Once the generalized correlation coefficient matrix has been computed, we compute its eigenvalues and eigenvectors. These can be used for the computation of Eigenvector Centrality (in conjunction with the average distances computed above).

CENTRALITY - OVERVIEW

One of the simplest concepts when computing node-level measures is that of centrality, i.e. how central a node or edge is in the graph.

DEGREE CENTRALITY

The degree centrality counts the number of edges adjacent to a node. The degree of node i is the number of existing edges $c_{ij}$ in other nodes j in a network with n nodes: $$d_{ij} =\sum\limits_{j=1}^{n} e_{ij} ~ where: ~ i \neq j$$

EIGENVECTOR CENTRALITY

Eigenvector centrality is the weighted sum of the centralities of all nodes that are connected to it by an edge, as defined in the adjacency matrix $A_{i, j}$. The eigenvector centrality can be calculated according to the following equation:

$$ c_{i} = \varepsilon^{-1} \sum_{j=1}^{n} \mathbf{A_{ij} c_{j}}, \ \ \ \ \ \textrm{where } \mathbf{c} \textrm{ is the eigenvector associated with the largest eigenvalue } \varepsilon \textrm{ of } \mathbf{A} $$

For this calculation, the adjacency matrix is defined as follows:

$$ \mathbf{A}_{ij} = \begin{cases} \ 0 & \ \ \ \ \ \textrm{ if } i=j \\\mathbf{r}_{(MI)} \left[x_{i}, x_{j}\right] \exp \bigg( - \frac{d_{ij}}{\lambda}\bigg) & \ \ \ \ \ \textrm{ if } i \neq j \ \end{cases} $$

where $\lambda$ has been introduced as a length/locality factor to augment the locality of the iterations considered in the exponential damping parameter and $d_{ij}$ is the matrix of average distance of $\alpha$-Carbons $i$ and $j$.

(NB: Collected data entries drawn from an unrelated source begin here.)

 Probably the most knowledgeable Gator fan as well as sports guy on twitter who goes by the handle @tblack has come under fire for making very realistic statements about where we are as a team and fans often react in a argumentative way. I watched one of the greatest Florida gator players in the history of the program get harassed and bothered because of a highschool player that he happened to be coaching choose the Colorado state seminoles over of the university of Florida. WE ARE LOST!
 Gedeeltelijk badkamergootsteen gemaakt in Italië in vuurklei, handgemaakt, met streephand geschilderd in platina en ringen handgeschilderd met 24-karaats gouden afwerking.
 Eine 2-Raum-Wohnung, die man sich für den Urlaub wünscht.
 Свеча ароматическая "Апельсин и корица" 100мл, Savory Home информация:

The idea of a so-called locality factor presents a way of probing the effect of physical distances between residues, consolidating our focus to only those interactions that occur within this distance.

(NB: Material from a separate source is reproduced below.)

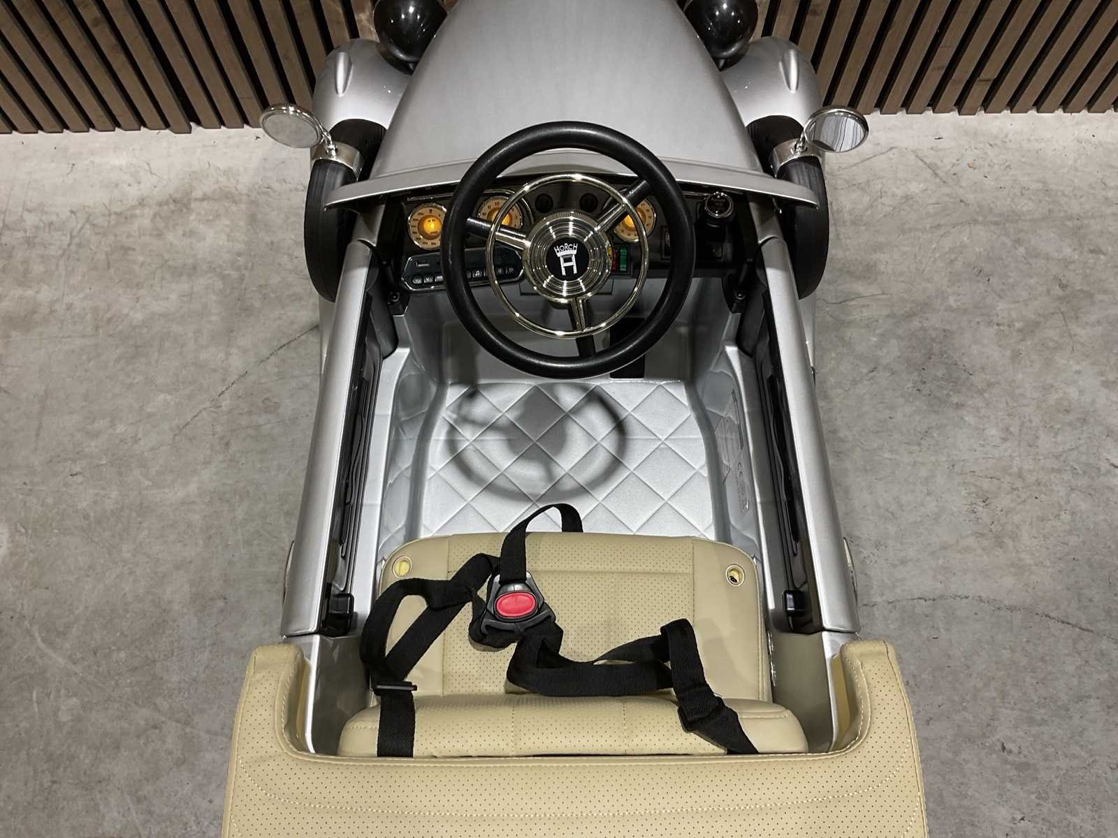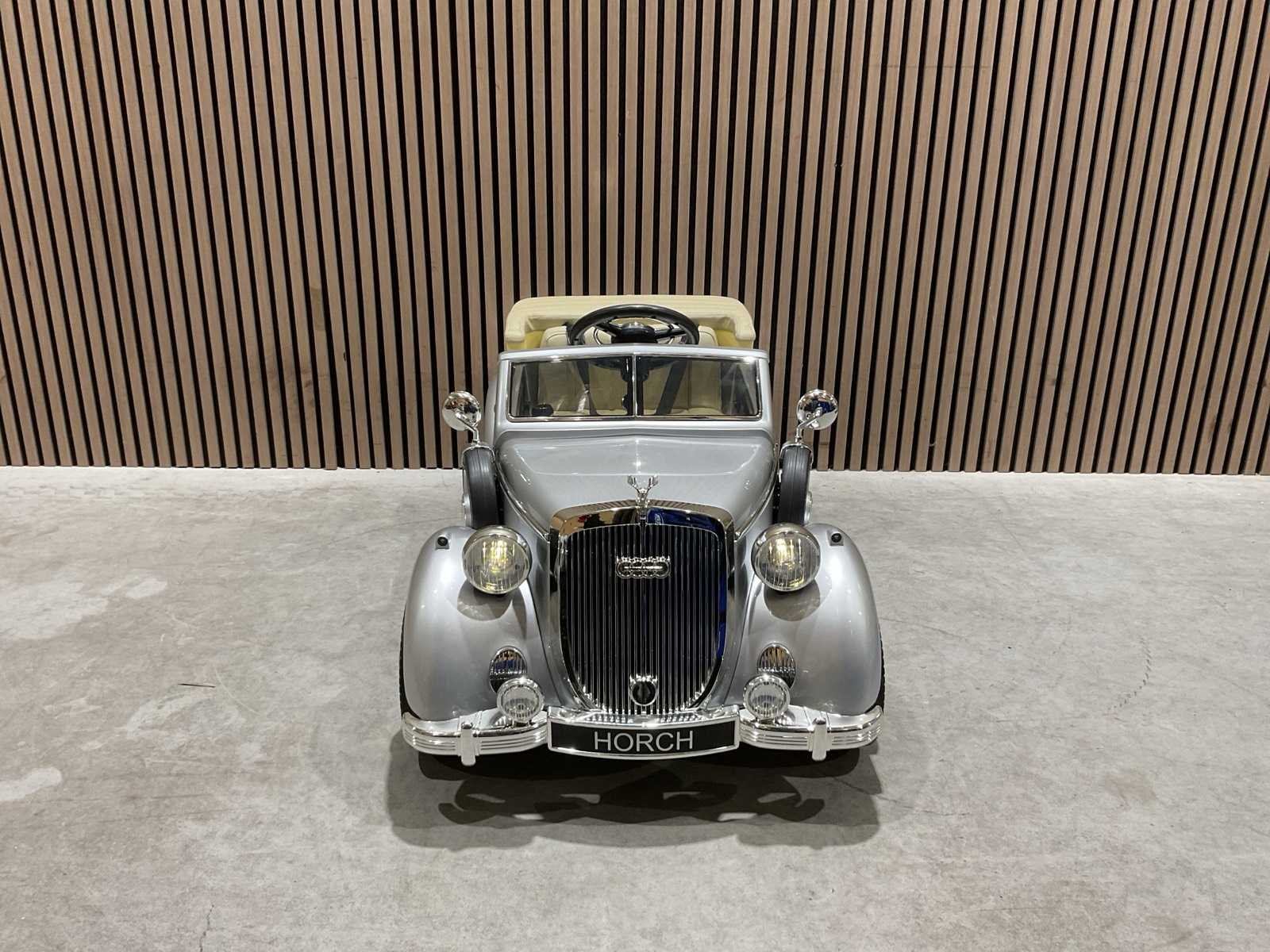 Voorzien van elektrische motor; Klassieke Horch design; Verlichting; openende deuren; maximum gewicht: 100kg; afstandsbediening; Voetpedaal; usb aansluiting; Geluidseffecten; ongebruikt in doos Merk: Audi Model: JE1005 Product type: Horch 930V zilver Gewicht: 24kg Lengte: 125cm Breedte: 65cm Hoogte: 60cm

The centrality values can be normalized such that the nodes with the largest centralities will have values closer to $1.0$, while those with smaller centralities will have values closer to $-1.0$. This is done according to the following equation:

$$ c_{i}^{\textrm{norm.}} = 2 \frac{c_{i} - c_{min}}{\left( c_{max} - c_{min} \right)} - 1 $$

BETWEENNESS CENTRALITY

The betweenness centrality of a node or edge in a network measures the extent to which it lies on shortest paths. A higher betweenness indicates that the node or edge lies on more shortest paths and hence has more influence on the flow of information in the graph. The shortest path (geodesic path) between two nodes in a graph is the path(s) with the least number of edges.

The geodesic betweenness $B_{n}(i)$ of a node in a weighted, undirected network is $$B_{n}(i) = \sum_{s,t \in G} \frac{ \Psi_{s,t}(i) }{\Psi_{s,t}}$$ where nodes $s,t,i$ are all different from each other.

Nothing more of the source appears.